3. Customizable Thresholds

  • Let teams configure what counts as "low completion" (default: 60%)
  • Adjustable insight generation rules
  • Team-specific recommendation priorities
  • Custom alert thresholds for blockers

4. Team Sentiment Analysis

  • Analyze Jira comments for sentiment (positive/negative/neutral)
  • Identify issues with heated discussions
  • Surface team concerns automatically
  • Detect collaboration patterns

Medium-Term (3-6 Months):

5. Multi-Sprint Retrospectives

  • Analyze patterns across quarter (6 sprints)
  • Identify seasonal trends
  • Long-term velocity tracking
  • Team improvement metrics

6. Export and Sharing

  • Export insights as PDF for stakeholders
  • Share retrospective summaries via email
  • Integration with Confluence pages
  • Slack notifications for sprint completion

7. Action Item Tracking

  • Convert recommendations into Jira issues automatically
  • Track whether previous recommendations were addressed
  • Measure recommendation effectiveness
  • Close the improvement loop

8. Team Comparison

  • Compare metrics across multiple teams (anonymized)
  • Identify high-performing team patterns
  • Share best practices organization-wide
  • Benchmark against industry standards

Long-Term (6-12 Months):

9. Predictive Insights

  • Machine learning to predict sprint completion likelihood
  • Risk detection based on early sprint data
  • Capacity recommendations for planning
  • Issue estimation accuracy analysis

10. Integration Ecosystem

  • GitHub/Bitbucket integration for code metrics
  • Confluence integration for documentation tracking
  • Slack/Teams integration for real-time updates
  • CI/CD metrics correlation

11. Marketplace Publication

  • Submit to Atlassian Marketplace
  • Free tier for small teams (< 10 users)
  • Paid tier for enterprise features
  • Build user community

12. Enterprise Features

  • Multi-site support for large organizations
  • Custom branding and white-labeling
  • Advanced security and compliance features
  • Dedicated support and SLA

Vision (1-2 Years):

13. The Complete Agile Intelligence Platform

  • Expand beyond retrospectives to full agile analytics
  • Sprint planning recommendations based on historical data
  • Automated standup insights
  • Release planning optimization
  • Team health monitoring dashboard
  • Executive-level agile metrics

14. AI-Powered Coaching

  • Natural language insights ("Your team tends to over-commit on Fridays")
  • Conversational interface for querying sprint data
  • Personalized improvement suggestions for each team member
  • Learning from successful patterns across organizations

About

Built by: Maria Diagou, Shibajyoti Majumder, Ujjayanta Bhaumik and Satyajit Chaudhuri For: Atlassian Devpost Hackathon 2025
License: MIT


Closing Thoughts

RetroVision started as a solution to my own frustration with manual retrospectives.

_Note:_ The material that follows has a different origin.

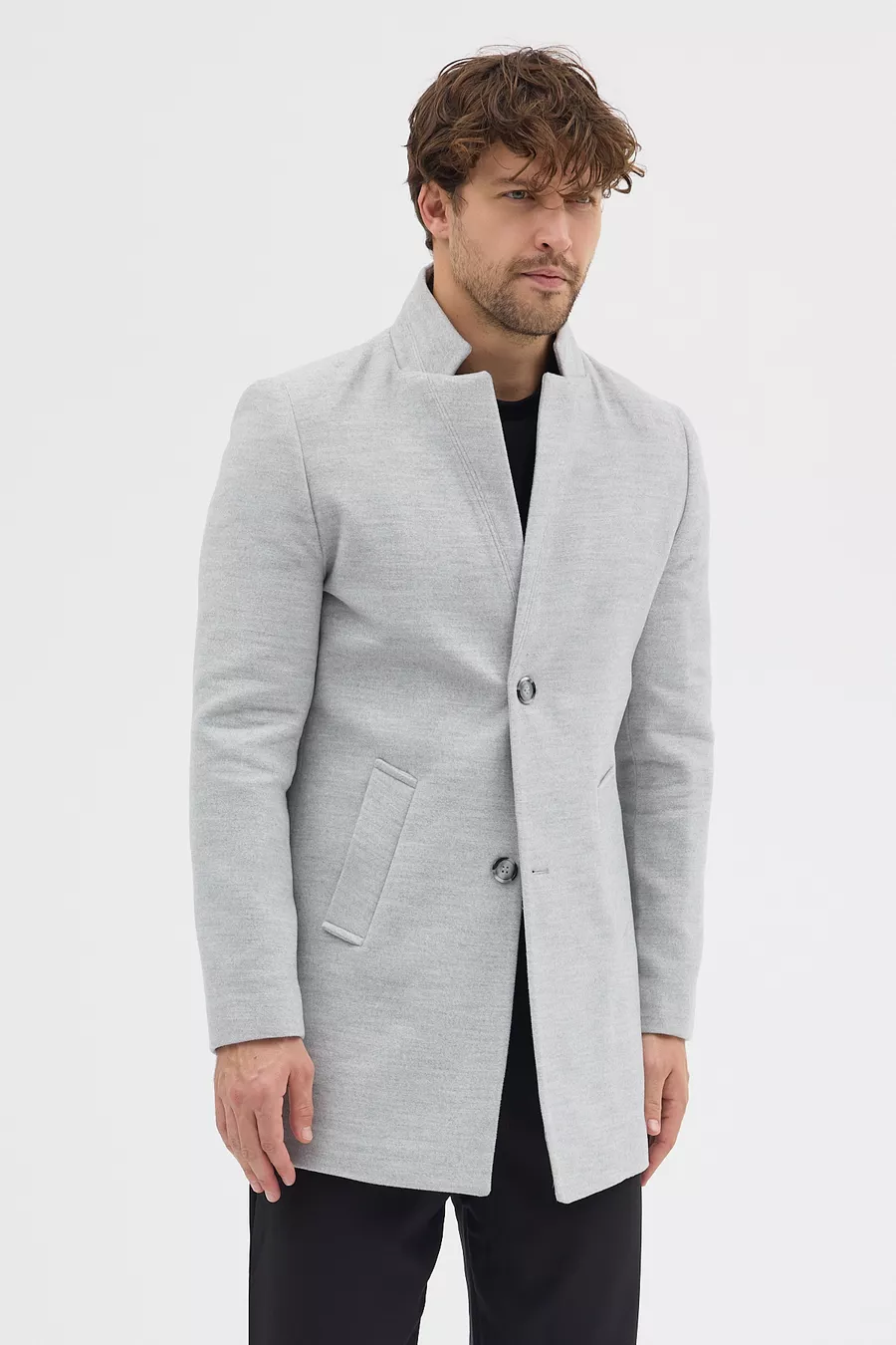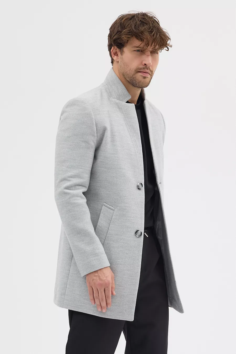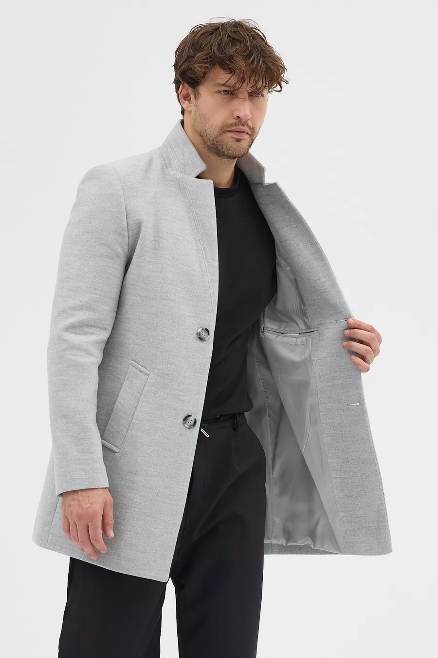 Cappotto da uomo grigio slim fit con collo alto in lana

Through this hackathon, it's become a production-ready product that could genuinely help thousands of teams work better.

What I'm most proud of isn't the technical complexity - it's the simplicity of the solution. Teams don't need training, configuration, or onboarding. They just add the gadget, select their board, and immediately get value.

That's the mark of good software: it solves a real problem so elegantly that it feels obvious in hindsight.

Whether RetroVision wins the hackathon or not, I'm continuing development because this problem deserves to be solved. Every Scrum team deserves better retrospectives.

Thank you for considering RetroVision!